We're looking into disk space and bandwidth usage in https://github.com/gruntwork-io/terragrunt/issues/2920.
The assumption being that concurrent terraform init won't mess around with TF_PLUGIN_CACHE_DIR because all providers are already present?
Yes, that is correct, but make sure all provider versions are in the cache and the hashes in the lock file match the provider hashes.
Resolved in v0.56.4 release. Make sure to read Provider Caching.
Nice!
Will try it out later. I noticed it's still labeled as an experimental feature. Anyone encountered any issues?
Resolved in v0.56.4 release. Make sure to read Provider Caching.
Nice!
Will try it out later. I noticed it's still labeled as an experimental feature. Anyone encountered any issues?
Perhaps not exactly an issue, but we noticed that memory usage can skyrocket with --terragrunt-provider-cache, especially when using lots of modules. On less complex terragrunt stacks it stayed pretty much the same as before. We run terragrunt in CICD with gitlab-runners on kubernetes and initial testing caused tons of OOMs.
Perhaps not exactly an issue, but we noticed that memory usage can skyrocket with --terragrunt-provider-cache, especially when using lots of modules. On less complex terragrunt stacks it stayed pretty much the same as before. We run terragrunt in CICD with gitlab-runners on kubernetes and initial testing caused tons of OOMs.

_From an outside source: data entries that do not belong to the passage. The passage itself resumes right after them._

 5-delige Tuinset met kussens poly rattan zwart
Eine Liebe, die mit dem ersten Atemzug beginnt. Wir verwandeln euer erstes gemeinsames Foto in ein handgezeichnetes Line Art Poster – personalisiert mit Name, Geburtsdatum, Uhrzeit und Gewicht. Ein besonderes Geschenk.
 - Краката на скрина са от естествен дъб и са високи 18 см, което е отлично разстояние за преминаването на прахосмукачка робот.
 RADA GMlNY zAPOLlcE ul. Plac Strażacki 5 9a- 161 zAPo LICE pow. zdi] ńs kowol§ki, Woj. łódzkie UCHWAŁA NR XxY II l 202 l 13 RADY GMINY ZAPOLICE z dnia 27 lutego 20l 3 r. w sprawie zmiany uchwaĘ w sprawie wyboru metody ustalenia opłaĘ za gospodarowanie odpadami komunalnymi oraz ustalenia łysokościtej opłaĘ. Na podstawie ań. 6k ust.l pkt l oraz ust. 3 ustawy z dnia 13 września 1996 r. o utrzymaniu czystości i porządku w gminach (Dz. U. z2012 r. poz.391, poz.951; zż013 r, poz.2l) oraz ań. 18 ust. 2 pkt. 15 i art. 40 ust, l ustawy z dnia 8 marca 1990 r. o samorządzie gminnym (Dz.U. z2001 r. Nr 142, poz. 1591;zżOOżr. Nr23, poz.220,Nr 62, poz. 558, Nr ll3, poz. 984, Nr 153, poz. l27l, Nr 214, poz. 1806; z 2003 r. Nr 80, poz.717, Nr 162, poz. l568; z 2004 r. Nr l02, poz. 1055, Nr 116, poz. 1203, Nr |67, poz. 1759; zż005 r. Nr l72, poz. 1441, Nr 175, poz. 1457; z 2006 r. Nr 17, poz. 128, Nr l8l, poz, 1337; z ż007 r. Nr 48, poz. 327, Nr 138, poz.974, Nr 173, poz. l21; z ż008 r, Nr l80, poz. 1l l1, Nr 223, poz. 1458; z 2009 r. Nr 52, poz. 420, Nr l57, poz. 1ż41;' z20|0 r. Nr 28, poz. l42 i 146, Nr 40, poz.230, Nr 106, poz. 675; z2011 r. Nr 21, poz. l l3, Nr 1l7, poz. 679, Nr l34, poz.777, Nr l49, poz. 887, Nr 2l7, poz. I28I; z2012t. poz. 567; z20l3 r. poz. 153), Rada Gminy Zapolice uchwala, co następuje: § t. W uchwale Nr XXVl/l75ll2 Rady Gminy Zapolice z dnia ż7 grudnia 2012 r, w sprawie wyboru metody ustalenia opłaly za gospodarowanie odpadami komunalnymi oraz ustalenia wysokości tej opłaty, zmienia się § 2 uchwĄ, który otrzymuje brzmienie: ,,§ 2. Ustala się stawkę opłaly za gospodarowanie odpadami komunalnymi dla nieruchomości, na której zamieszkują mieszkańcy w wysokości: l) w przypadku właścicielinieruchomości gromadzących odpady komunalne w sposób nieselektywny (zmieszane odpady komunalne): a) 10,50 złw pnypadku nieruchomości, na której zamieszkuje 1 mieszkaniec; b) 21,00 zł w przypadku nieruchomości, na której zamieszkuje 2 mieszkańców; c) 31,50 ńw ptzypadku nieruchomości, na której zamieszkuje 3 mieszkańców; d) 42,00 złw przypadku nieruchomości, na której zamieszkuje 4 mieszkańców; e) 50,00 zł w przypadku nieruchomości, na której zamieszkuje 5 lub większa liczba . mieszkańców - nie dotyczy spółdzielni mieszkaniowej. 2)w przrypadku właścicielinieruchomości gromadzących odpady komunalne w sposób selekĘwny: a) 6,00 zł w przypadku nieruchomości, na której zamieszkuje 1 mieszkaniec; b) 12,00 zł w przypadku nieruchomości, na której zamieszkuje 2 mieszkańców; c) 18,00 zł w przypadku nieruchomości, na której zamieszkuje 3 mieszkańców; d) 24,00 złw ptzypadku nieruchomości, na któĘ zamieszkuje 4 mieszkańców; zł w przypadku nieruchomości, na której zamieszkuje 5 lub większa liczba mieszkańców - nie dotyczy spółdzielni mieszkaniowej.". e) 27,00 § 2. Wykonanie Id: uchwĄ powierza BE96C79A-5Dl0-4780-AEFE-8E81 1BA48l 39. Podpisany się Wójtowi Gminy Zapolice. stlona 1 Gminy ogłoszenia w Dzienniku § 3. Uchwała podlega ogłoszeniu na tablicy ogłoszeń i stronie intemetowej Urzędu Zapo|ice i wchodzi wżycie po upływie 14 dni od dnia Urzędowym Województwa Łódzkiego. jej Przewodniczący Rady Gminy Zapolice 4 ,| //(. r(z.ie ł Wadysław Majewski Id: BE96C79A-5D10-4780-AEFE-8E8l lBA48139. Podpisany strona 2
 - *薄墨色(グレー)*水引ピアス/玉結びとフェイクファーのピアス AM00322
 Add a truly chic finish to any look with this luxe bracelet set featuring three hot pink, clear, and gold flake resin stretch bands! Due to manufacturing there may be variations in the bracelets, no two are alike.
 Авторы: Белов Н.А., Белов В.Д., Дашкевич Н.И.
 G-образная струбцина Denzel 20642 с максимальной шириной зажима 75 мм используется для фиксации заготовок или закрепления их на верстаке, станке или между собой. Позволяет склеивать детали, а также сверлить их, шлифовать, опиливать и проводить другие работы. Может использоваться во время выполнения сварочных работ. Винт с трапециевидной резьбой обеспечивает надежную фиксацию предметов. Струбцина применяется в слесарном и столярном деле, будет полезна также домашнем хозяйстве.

Most likely, the increased memory usage is due to the simultaneous launch of several Terraforms, this happens after all providers are cached, Terragrunt launches all Terraforms at the same time.
Perhaps not exactly an issue, but we noticed that memory usage can skyrocket with --terragrunt-provider-cache, especially when using lots of modules. On less complex terragrunt stacks it stayed pretty much the same as before. We run terragrunt in CICD with gitlab-runners on kubernetes and initial testing caused tons of OOMs.
Most likely, the increased memory usage is due to the simultaneous launch of several Terraforms, this happens after all providers are cached, Terragrunt launches all Terraforms at the same time.
Yeah that makes sense. Anyway it's a small price to pay, but something worth noting.